Transcriptomics 3: Visualising

Emma Rand

17 December, 2024

Overview

In these slides we will:

  • Check where you are

  • learn some concepts used omics visualisation

    • Principle Component Analysis (PCA)
    • Volcano plots
  • Find out what packages to install before the workshop

Where should you be?

What we did in Transcriptomics 2: Statistical Analysis

  • carried out differential expression analysis

  • found genes not expressed at all, or expressed in one group only

  • Saved results files

Where should you be?

After the Transcriptomics 2: 👋 Statistical Analysis Workshop including:

🐸 Frog development

  • An RStudio Project called frogs-88H which contains:

    • data-raw: xlaevis_counts_S14.csv, xlaevis_counts_S20.csv, xlaevis_counts_S30.csv
    • data-processed: s30_filtered.csv, s20_filtered.csv
    • results: s30_fgf_only.csv (there were no control only genes in s30), s30_results.csv, and equivalent for S20
    • Two scripts: cont-fgf-s30.R, cont-fgf-s20.R

🎄 Arabidopisis

  • An RStudio Project called arab-88H which contains:

    • data-raw: arabidopsis-wild.csv, arabidopsis-spl7.csv
    • data-processed: wild_filtered.csv, spl7_filtered.csv
    • results: wild_suf_only.csv, wild-_def_only.csv, wild_results.csv, and equivalents for spl7
    • Two scripts: suff-def-wild.R, suff-def-spl7.R

💉 Leishmania

  • An RStudio Project called leish-88H which contains:

    • data-raw: leishmania-mex-ama.csv, leishmania-mex-pro.csv, leishmania-mex-meta.csv
    • data-processed: pro_meta_filtered.csv, pro_ama_filtered.csv
    • results: pro_meta_results.csv, pro_ama_results.csv
    • Two scripts: pro_meta.R, pro_ama.R

🐭 Stem cells

  • An RStudio Project called mice-88H which contains:

    • data-raw: surfaceome_hspc.csv, surfaceome_prog.csv, surfaceome_lthsc.csv
    • data-processed: hspc_prog.csv, hspc_lthsc.csv
    • results: hspc_prog_results.csv, hspc-lthsc_results.csv,
    • Two scripts: hspc-prog.R, hspc-lthsc.R

Additionally…

Files should be organised into folders. Code should well commented and easy to read. You should have curated your code to remove unnecessary commands that were useful to troubleshoot or understand objects in your environment but which are not needed for the final analysis.

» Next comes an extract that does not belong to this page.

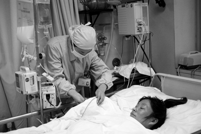 【镜头回放】 张芬是山东枣庄人,夫妻俩在南通打工维持生活,张芬2006年12月22日在某乡镇医院分娩时突发羊水栓塞,被紧急转送至通大附院。突发性羊水栓塞发生率很低,死亡率则高达80%以上。到达急诊中心时,已处于昏迷状态,出现广泛性弥漫性血管内凝血征象,而嵌顿在产道内的胎儿已见胎头。医院果断决定在急诊抢救中心搭建“临时产房”,就地分娩。胎儿娩出时,已没有呼吸,抢救小组迅速进行口对口呼吸、气管插管等急救措施后,婴儿生命略有转机后被转至新生儿室。而随着胎儿的娩出,产妇体内凝血因子消耗贻尽,出血更加猛烈,近5000ml的血液和凝血因子输入体内,仍无济于事,产妇的生命岌岌可危。在艰难的保守治疗无效后,抢救组决定实施子宫次全切除术,阻断出血源。而在当时,张芬很可能因不能耐受手术而死在手术台上。“不手术,必死,手术还有一线希望。”为此,手术组扛着风险背水一战。手术取得了成功,次日中午张芬神志清醒,恢复自主呼吸。从产妇张芬送至通大附院急诊中心到手术成功,共历时五个小时,十一个专科七十余名医护人员同时上演了一场震撼人心的“生死时速”。

If you are missing files, go through:

Go through:

Examine the results files

All results files

Remind yourself of the key columns in any of the results files:

  • normalised counts for each sample/cell
  • a log2 fold change
  • an unadjusted p-value
  • a p value adjusted for multiple testing (called FDR or padj)
  • a gene id
  • other information about each gene

🐸 , 🎄 , 💉 results files

  • baseMean is the mean of the normalised counts for the gene across all samples
  • lfcSE standard error of the fold change
  • stat is the test statistic (the Wald statistic)

🐭 Stem cells

  • Top is the rank of the gene ordered by the p-value (smallest first)
  • summary.logFC and logFC.hspc give the same value (in this case since comparing two cell types)

Plots

What is the purpose of a Transcriptomics plot?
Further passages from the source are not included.